Danazol: Fungsi, Dosis, Efek Samping, Harga, dll

Rangkuman Informasi Umum Obat Danazol

Berikut ini adalah informasi umum obat Danazol, yaitu:

Nama Obat  Danazol
Kandungan Obat  Danazol
Kelas Obat Androgens
Kategori  Obat resep
Manfaat Obat
  • Mengobati gangguan payudara jinak
  • Mengobati angioedema herediter
  • Mengobati endometriosis
Kontraindikasi
  • Perdarahan genital abnormal yang tidak terdiagnosis
  • Tumor yang tergantung androgen
  • Penyakit tromboemboli atau riwayat trombosis
  • Gangguan jantung berat
  • Gangguan hati dan ginjal berat
  • Kehamilan dan menyusui
Sediaan Obat  Obat oral tablet dan kapsul
Harga Obat  500 mg Rp155.000/10 tablet

Harga obat danazol mungkin berbeda di setiap apotik. Merek dagang obat ini adalah Danocrine, Danocrine, dan Azol.

Danazol Obat Apa?

Danazol adalah obat yang digunakan untuk mengatasi gejala endometriosis atau nyeri pinggul dan infertilitas karena gangguan rahim tertentu. Obat ini juga digunakan untuk mengatasi nyeri payudara karena kondisi tertentu seperti penyakit payudara fibrokistik.

Sementara pada pria dan wanita, obat ini dapat digunakan untuk mencegah pembengkakan perut, lengan, kaki, wajah, dan saluran pernapasan akibat penyakit bawaan seperti herediter angioedema.

Cara Kerja Obat Danazol

Danazol adalah obat dalam kelas obat androgen yang berperan seperti testosteron. Obat ini dengan mengurangi jumlah hormon yang dibuat oleh ovarium yang umumnya memperburuk gejala endometriosis. Obat ini juga dapat membantu peningkatan jumlah protein tertentu dalam sistem kekebalan tubuh.

Fungsi Obat Danazol

Berikut ini adalah fungsi obat danazol, yaitu:

  • Endometriosis: Kondisi ketika jaringan endometrium yang seharusnya berada di dalam dinding rahim tumbuh di ovarium, usus, dan jaringan yang melapisi panggul.
  • Penyakit Payudara Fibrokistik: Kondisi dimana terdapat tumor jinak non kanker pada kelenjar susu wanita. Kondisi ini tidak membahayakan namun mungkin membuat ketidaknyamanan pada wanita.
  • Angioedema: pembengkakan pada lapisan bawah kulit dan jaringan tepat di bawah kulit atau selaput lendir.

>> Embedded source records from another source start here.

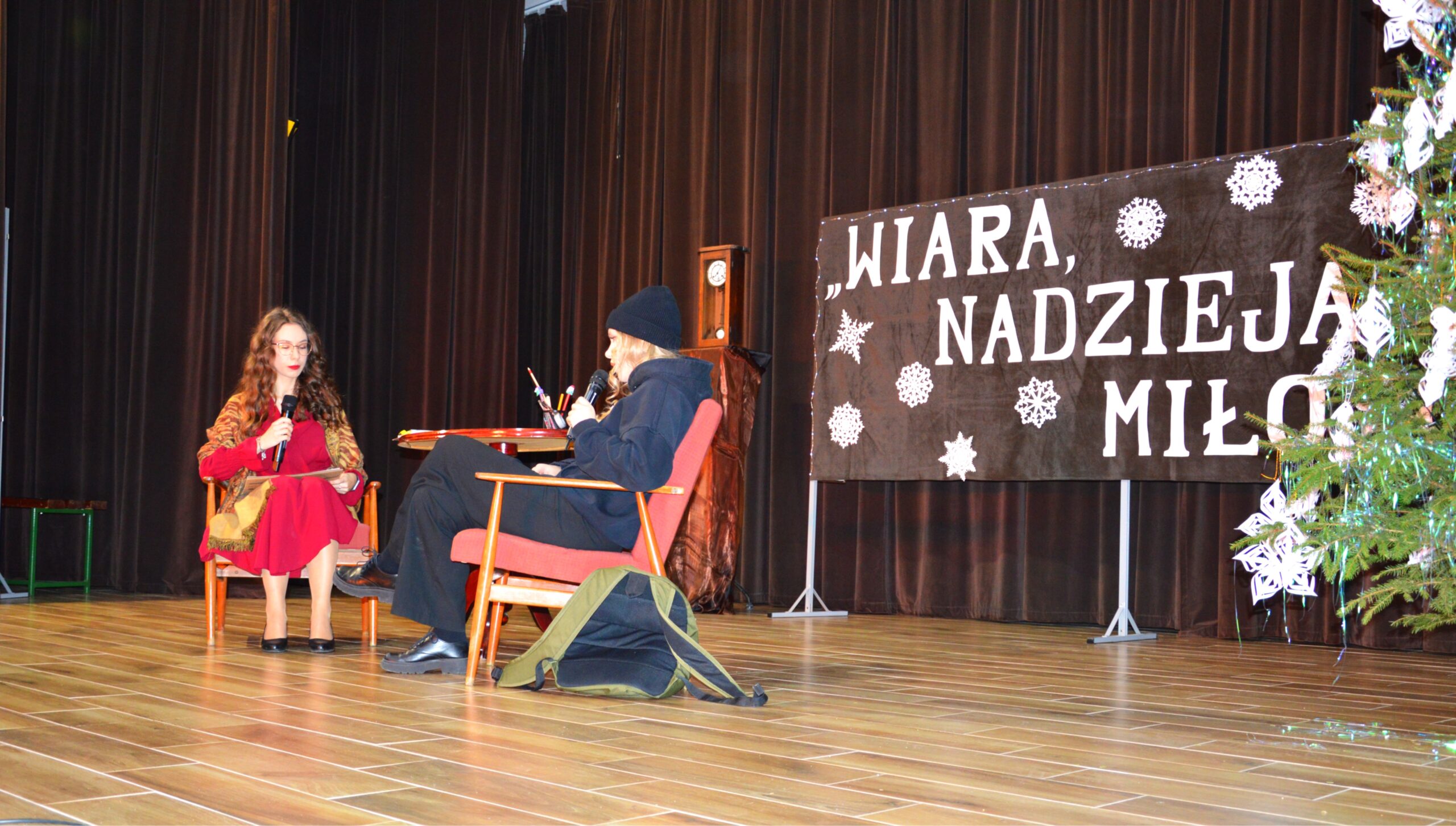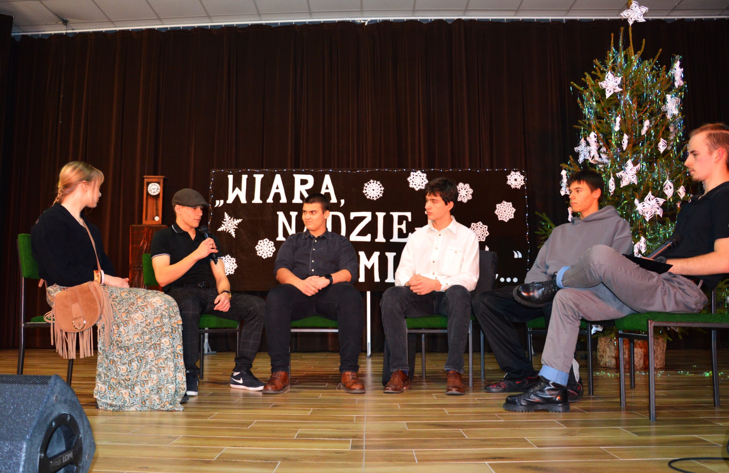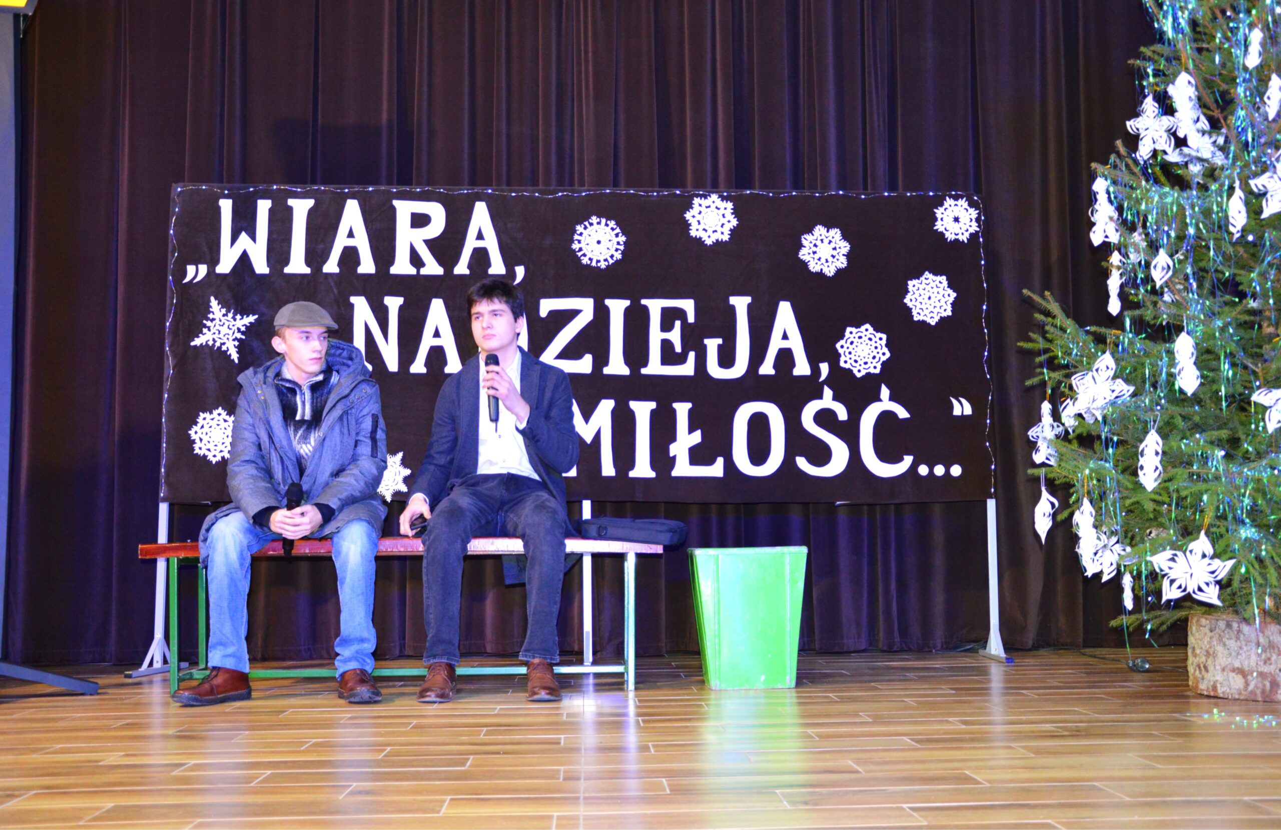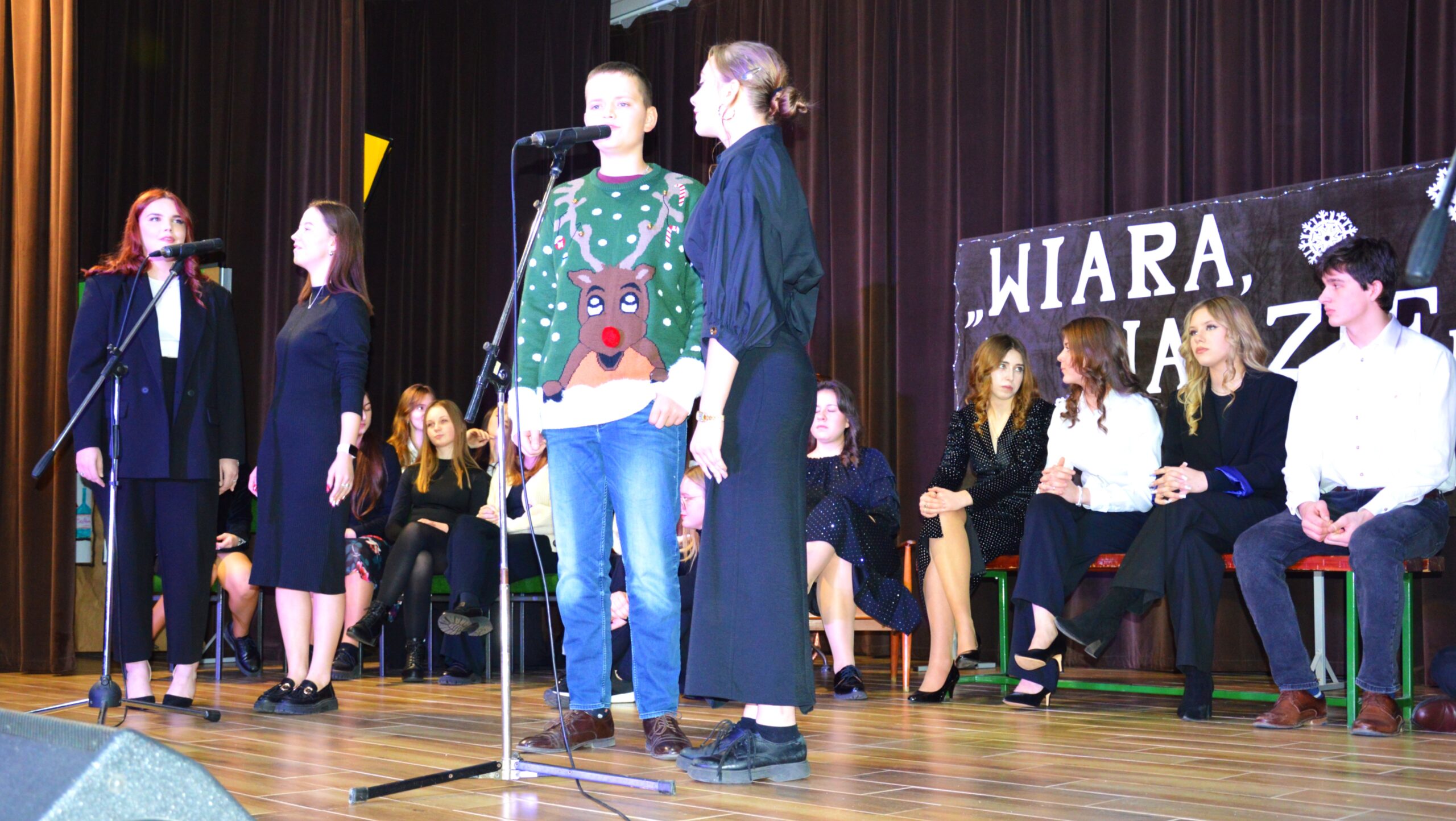 Część artystyczną szkolnej Wigilii, rozpoczęło przedstawienie w wykonaniu uczniów, przygotowane przez p. Dominikę Widanow-Świerszcz. Spektakl pt. „Wiara, nadzieja, miłość” dotyczył współczesnej rodziny. Inscenizacja przedstawiała krótkie scenki z życia bohaterów, zmagających się z trudami życia. Mogliśmy poznać między innymi sytuację rodziny, w której mąż i ojciec – Krzysztof, pozornie silny i odpowiedzialny – walczył z alkoholizmem, żona i matka – Anna – borykała się z ciężką chorobą, syn – Filip – walczył ze sobą, by móc przeciwstawić się propozycji zawodowej ojca i iść własną ścieżką kariery muzycznej, a córka Sara – w obawie przed reakcją rodziców- zwlekała ze szczerą rozmową o swojej orientacji. Zgodnie z myślą przewodnią zawartą w tytule spektaklu „Wiara nadzieja, miłość” rodzina doświadczyła magicznego pojednania i powrotu do uniwersalnych wartości, świąteczny czas to przecież czas cudów!
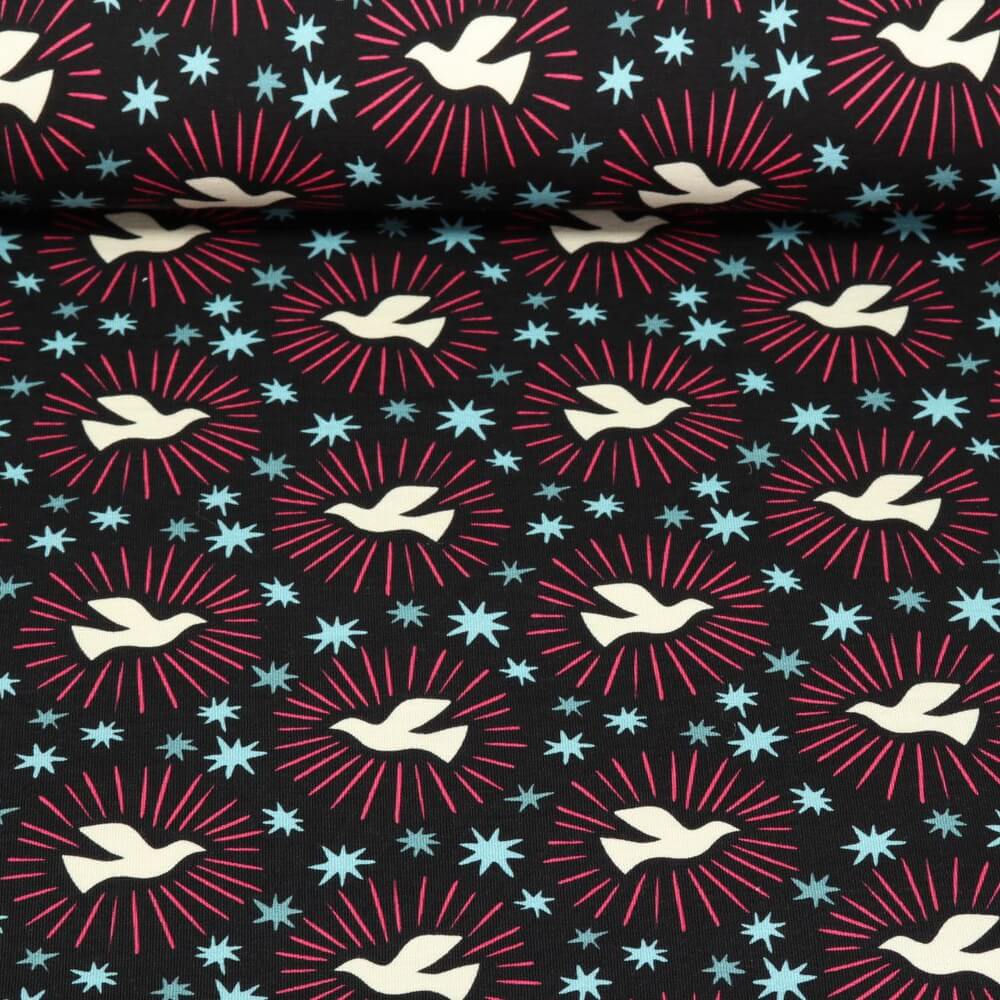 Ett tyg som en natthimmel full av magi: otaliga, fint skimrande prickar och små, gnistrande ljusreflexer lyser mot en djupsvart bakgrund - som glittrande damm som försiktigt har lagt sig över ytan. Digitaltrycket framhäver denna design på ett särskilt lysande sätt: fint, detaljrikt och med ett underbart färgdjup.
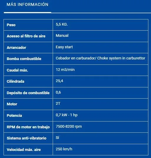 - Soplador de gasolina Goodyear de 26cc, este soplador de mano puede alcanzar una velocidad de aire de 250km/h lo que te permite eliminar las hojas de tu jardín, de pequeñas calles o incluso lugares donde no podrías llegar con un soplador de mayor tamaño. Este soplador es de uso doméstico, muy fácil de usar con sistema antivribación para eliminar las hojas comodamente.

Obat ini mungkin digunakan untuk indikasi lain yang tidak tercantum dalam informasi ini.

Dosis Danazol

Berikut ini adalah panduan dosis obat danazol, yaitu:

  • Penyakit Payudara Fibrokistik: Dosis dewasa tablet adalah 100-400 mg setiap hari yang dibagi dalam 2 dosis selama 3-6 bulan.
  • Angioedema Herediter: Dosis awal 200 mg lalu dosis dikurangi ?50% pada interval 1-3 bulan tergantung pada gejala.
  • Endometriosis: 200-800 mg setiap hari yang dibagi dalam 2-4 dosis sesuai dengan respon obat selama 3-6 bulan atau 9 bln jika perlu.

Dosis setiap orang mungkin berbeda-beda tergantung pada usia, jenis kelamin, indikasi penyakit, dan kondisi kesehatan pasien.

Interaksi Obat Danazol

Interaksi obat adalah respon obat yang Anda gunakan apabila Anda minum lebih dari 2 jenis obat di waktu yang bersamaan.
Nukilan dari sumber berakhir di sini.